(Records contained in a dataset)
---

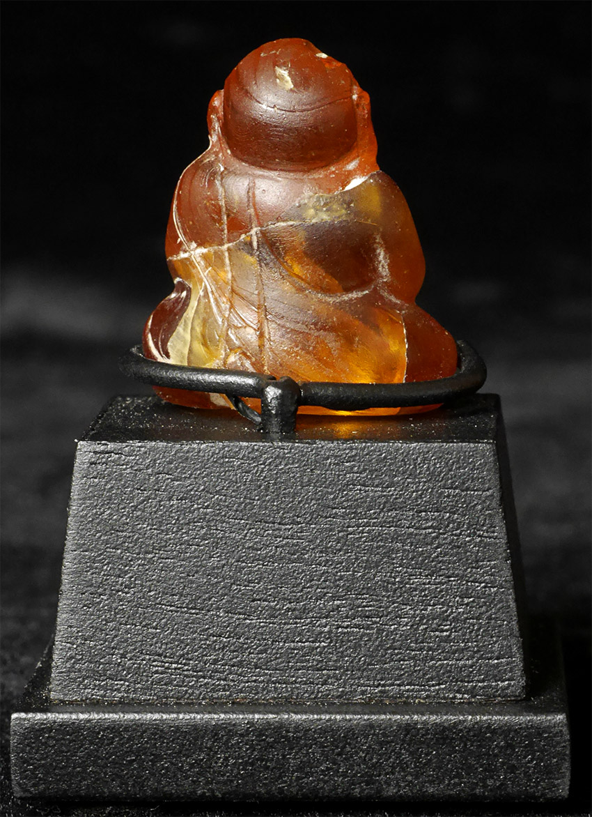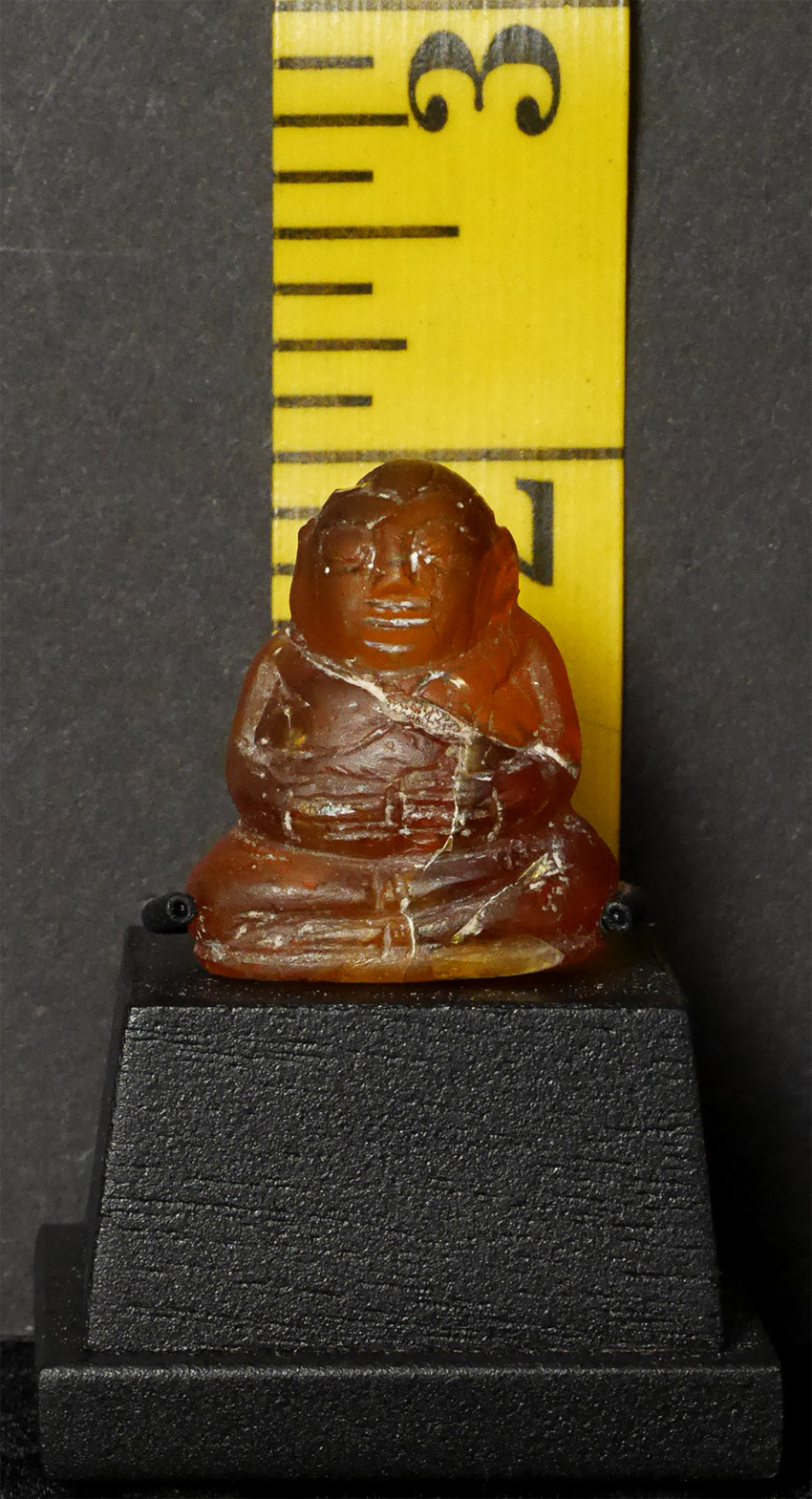 Extremely rare 15-17thC Northern Thai Buddhist figure sculpted out of a special glass which has significant amounts of gold mixed in to it (this gives it it's color as well as making it extremely heavy for its size). If you look on my site in the "search" area-look for advanced search in the upper right hand corner of the page, and then after you get there check both "sold" and "for sale", then scroll to"glass" items in "Thailand" you will see all the related items are pale yellow- this one has so much gold it is almost orange. Purchased from a farmer who excavated this in his field. Repairs and loss. Very strong spiritual feeling. This piece meaures 1" tall (approx.) and 2" tall on its custom base.
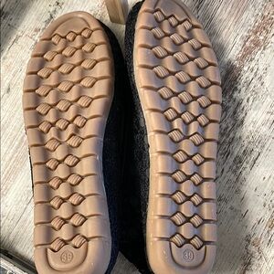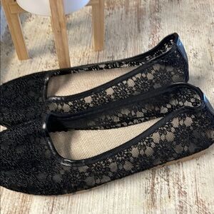 These black flats feature a textured lace upper with a rounded toe design, offering a blend of style and comfort. The slip-on style and flexible sole make them perfect for everyday wear, while the low-profile silhouette adds a touch of elegance.
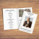 Elegante programa de funeral dobrado em branco com fotos, fontes elegantes e detalhes saborosos. Programa de funeral dobrado em branco com texto preto e detalhes elegantes personalizados com fotos, obituário, ordem de serviço e reconhecimentos.
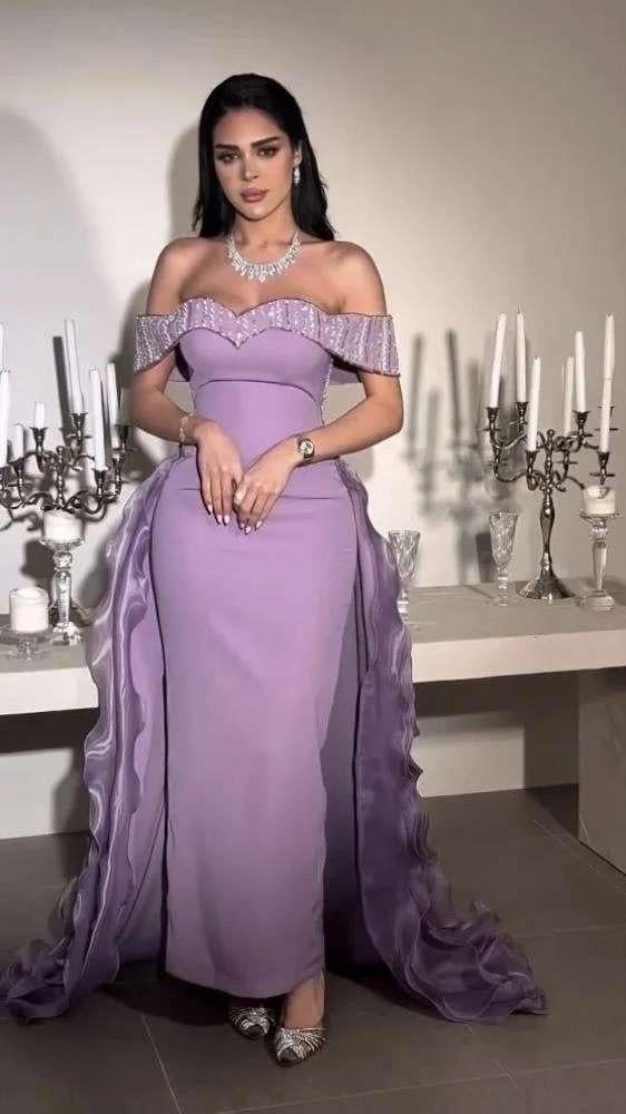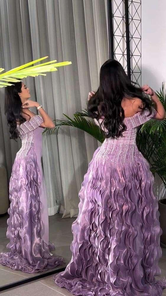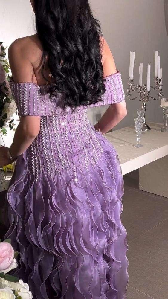 الفستان يتميز بتصميم فاخر وأنيق باللون البنفسجي الليلكي، يجمع بين الرقي والأنوثة في آنٍ واحد. يأتي بقصة ضيقة تبرز جمال القوام، مع أكتاف مكشوفة مزينة بتفاصيل لامعة أنيقة تضيف لمسة من الفخامة.
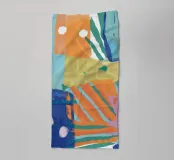 A vibrant abstract collage resembles a patchwork quilt, with different sections featuring varied textures, patterns, and colors, all stitched together in a harmonious and playful composition.
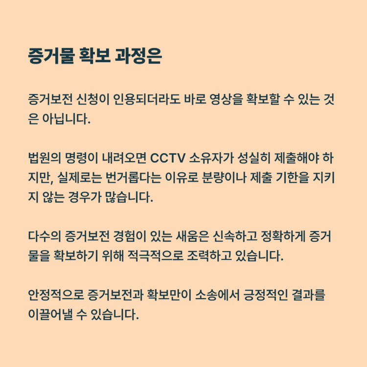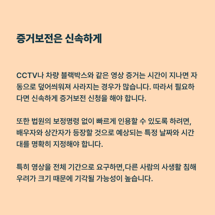 CCTV나 차량 블랙박스와 같은 영상 증거는 시간이 지남에 따라 자동으로 덮어씌워져 사라질 수 있습니다. 따라서 필요하다면 지체 없이 보전 신청을 해야 합니다.
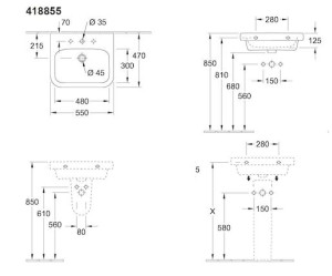 ÚvodKoupelnaUmyvadlaUmyvadlo Villeroy & Boch 55x47 cm otvor pro baterii uprostřed 41885501
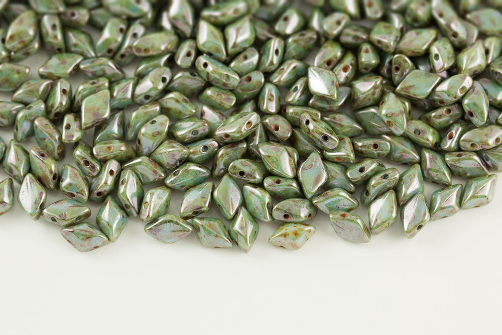 Gemduo 8×5mm Polychrome Chameleon Emerald 2-Hole Czech Beads
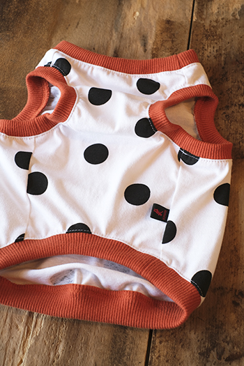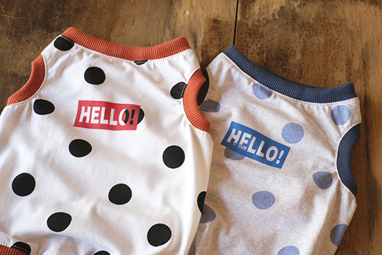 爽やかな水玉模様の天竺生地のタンクトップ。
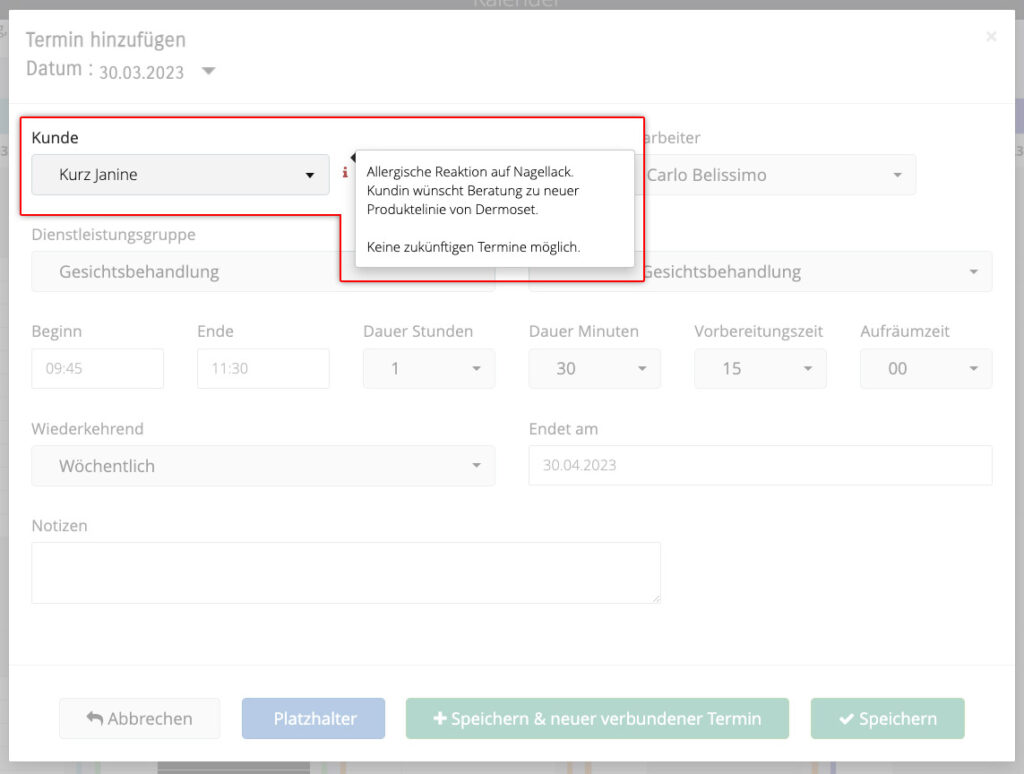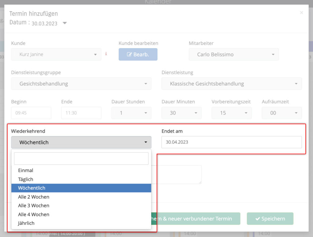 Kalender-Termine für Kunden können neu in wiederkehrender Form hinterlegt werden. Entweder Täglich, Wöchentlich, alle 2/3/4 Wochen oder Jährlich. Mit einem Enddatum wird definiert bis wann Einträge hinzugefügt werden sollen. Durch die Erfolgsmeldung kann geprüft werden ob das hinzufügen erfolgreich war oder an welchen Daten es aufgrund Termin-Konflikten nicht geklappt hat.

---

## Brief
Omit the pictures and please write out exactly the lines between the one containing "CCTV나 차량 블랙박스와" and the last line of the entries, both included.

## Expected answer
 CCTV나 차량 블랙박스와 같은 영상 증거는 시간이 지남에 따라 자동으로 덮어씌워져 사라질 수 있습니다. 따라서 필요하다면 지체 없이 보전 신청을 해야 합니다.
 ÚvodKoupelnaUmyvadlaUmyvadlo Villeroy & Boch 55x47 cm otvor pro baterii uprostřed 41885501
 Gemduo 8×5mm Polychrome Chameleon Emerald 2-Hole Czech Beads
 爽やかな水玉模様の天竺生地のタンクトップ。
 Kalender-Termine für Kunden können neu in wiederkehrender Form hinterlegt werden. Entweder Täglich, Wöchentlich, alle 2/3/4 Wochen oder Jährlich. Mit einem Enddatum wird definiert bis wann Einträge hinzugefügt werden sollen. Durch die Erfolgsmeldung kann geprüft werden ob das hinzufügen erfolgreich war oder an welchen Daten es aufgrund Termin-Konflikten nicht geklappt hat.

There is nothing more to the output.